Given that the AWS SDK supports assuming a role , pods running in EKS/GKE with the storage target as AWS S3 should be able to assume a role to connect to the S3 buckets.

Example or Brief can be found here : https://confluence.eng.vmware.com/display/public/AEAV/Service+User+Model

Versions:
Please specify the versions of following systems.

harbor version: [2.3.3] (via helm chart)
kubernetes 1.20.6
Cluster : GKE
Storage : AWS S3

Expected behavior and actual behavior:

• Expected: Pods using ServiceAccounts annotated to assume a role with should have access/denial to resources as specified in the policies attached to the role. These assume role credentials generates session token with the validity of 12 hours. Need a mechanism to re-establish connection with the AWS before the session token expiry.

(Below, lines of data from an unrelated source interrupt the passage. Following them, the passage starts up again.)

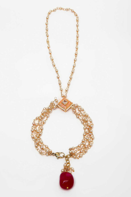 Red And Cream Layered Bracelet With Kundan And Pearls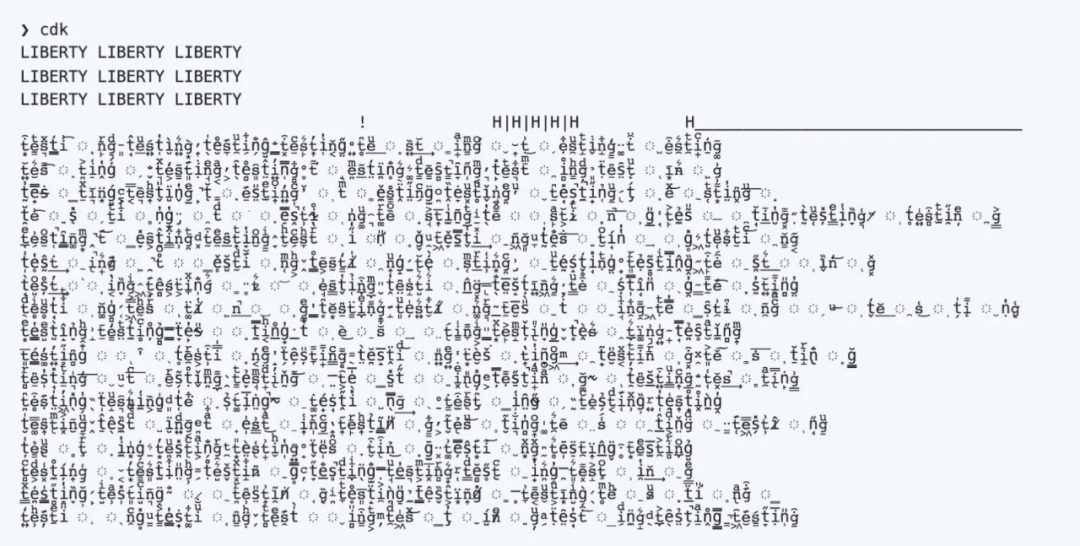随后他在 GitHub 和 npm 发布了 faker.js 6.6.6,这两个动作引发了同样的破坏性事件。破坏后的版本导致应用程序无限输出奇怪的字母和符号,从三行写着「LIBERTY LIBERTY LIBERTY」的文本开始,后面跟着一系列非 ASCII 字符: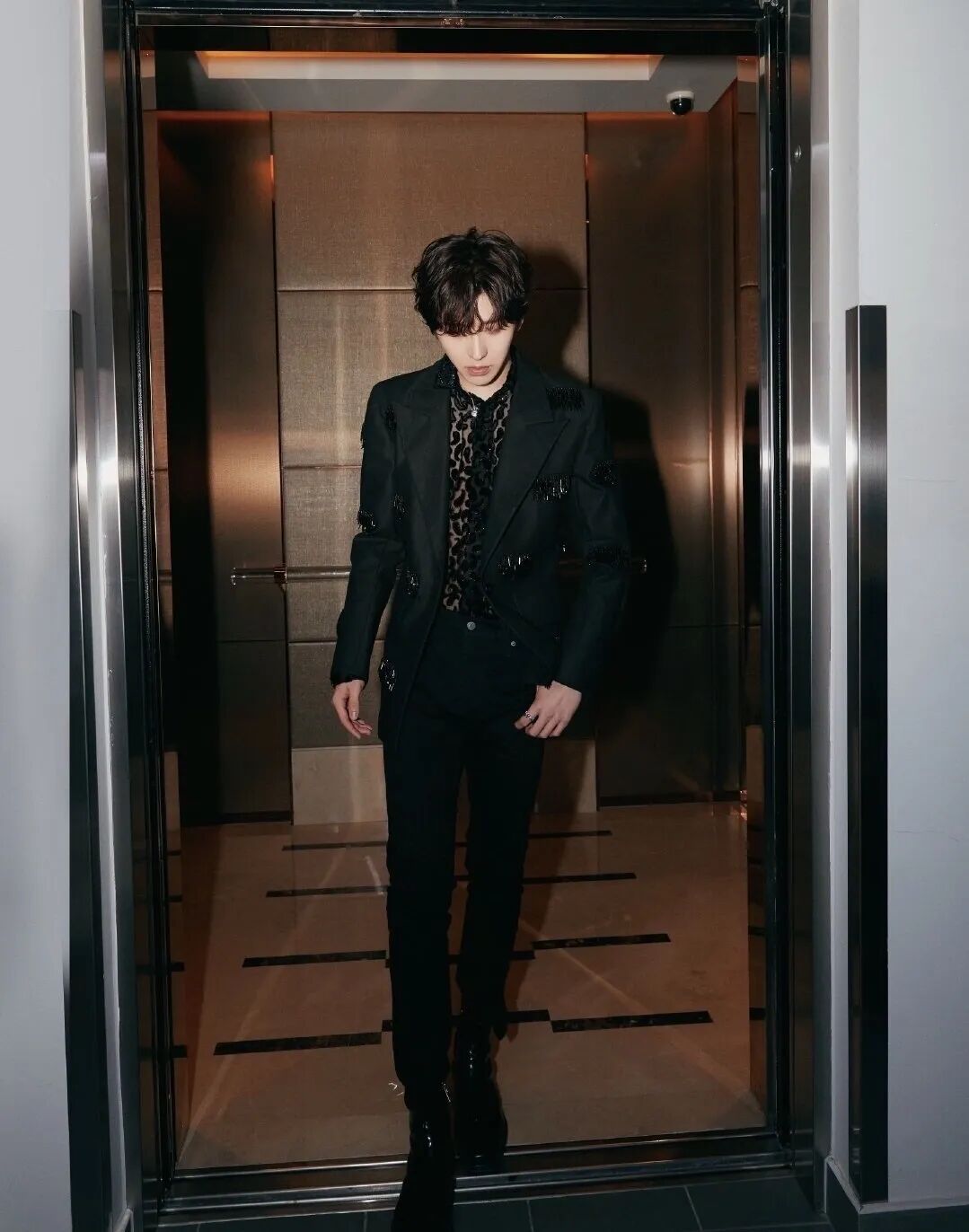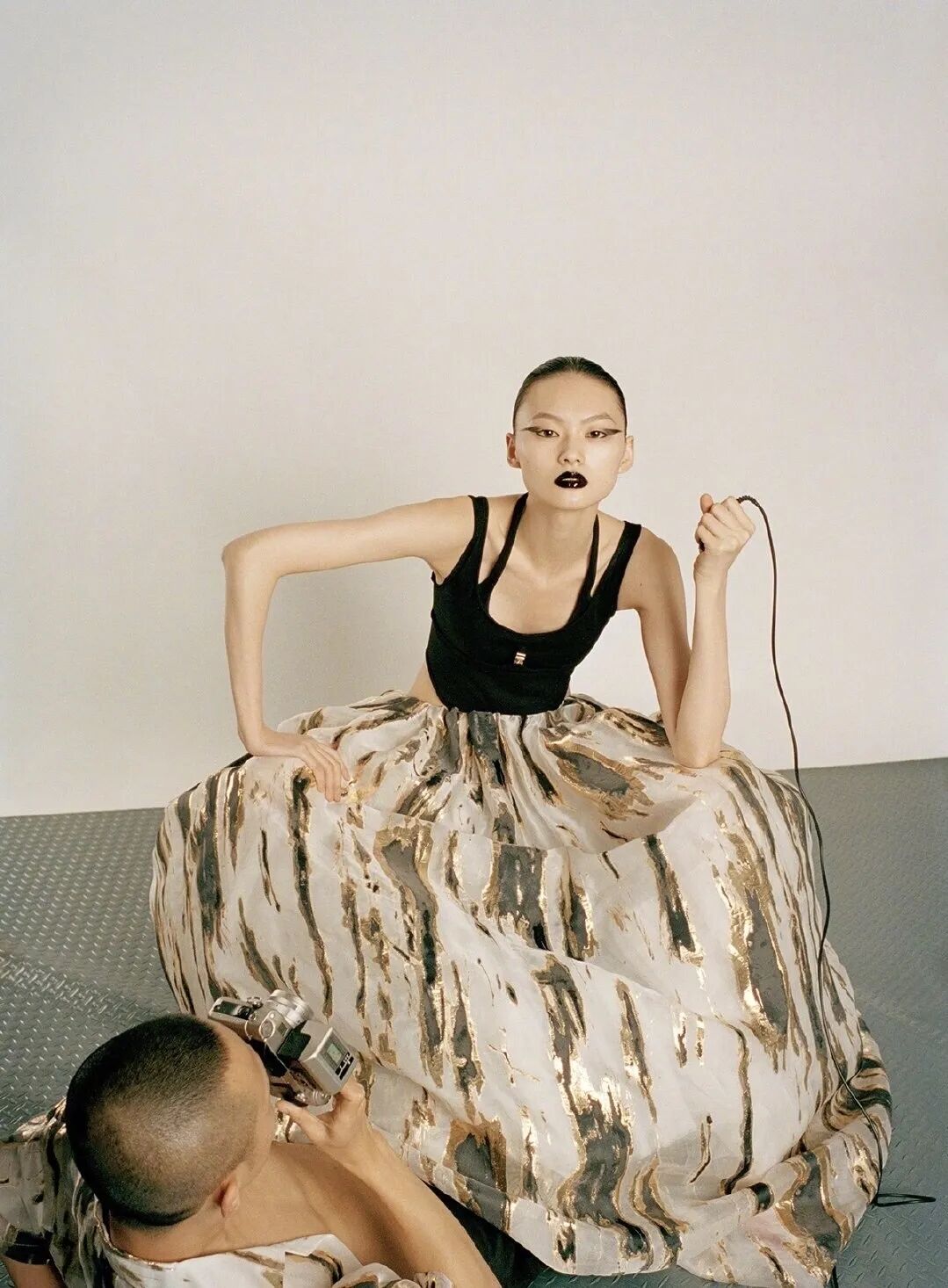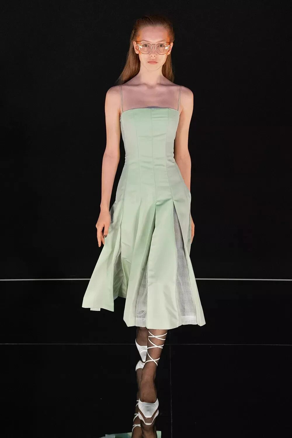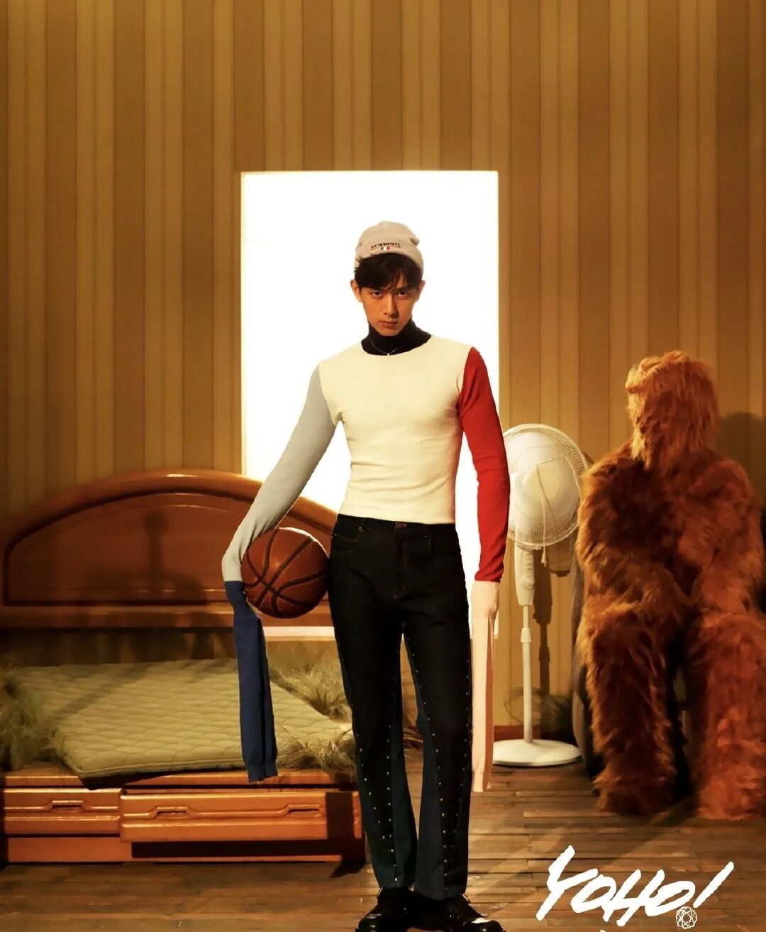 透视的网眼与胸衣装饰宣誓着年轻一代反叛的力量,带有标志性的丹宁与经典法式波点的结合,又好比一场纽约与巴黎、次世代与传统的隔空对话,诠释者CALVIN LUO的桀骜气质。

• Actual: Since pods are not assuming the role, one cannot, for instance, use s3 as a storage backend for the registry.
  Currently Harbor doesn't support this kind of AWS connectivity and it is a blocker for us to get on-boarded with VMware CloudGate.

It would be great if this feature request can be prioritised as

BLOKER : Currently It is a Hard blocker from Harbor for us to get TanzuNet Production AWS accounts to get on-boarded with VMware CloudGate. Having this feature request implemented resolves our blocker.

Let me know if any further details are required.

Thanks,

[GowriRegistry]

To add weightage,
TanzuNetwork Production has high dependency/blocker on Assume Role feature, based on organisation legal demands. There is zero tolerance observed currently and its important for the team to maintain the production platform to be compliant
#18699 has been closed as duplicate to track here.

[davidspek]

@Tejuvmware @GowriRegistry Other than using a patched version of the registry like in my PR, I'd like to suggest allocating resources to the upstream distribution/distribution so that the next release (v3) can be cut soon. The current release branch will not have IRSA fixed, but it is already fixed on the main branch of distribution/distribution.

[chaospuppy]

Update: there is now a new alpha release from distribution which includes the update for the Go SDK. It's an alpha release. What is the appetite for using the alpha release in the. Makefile?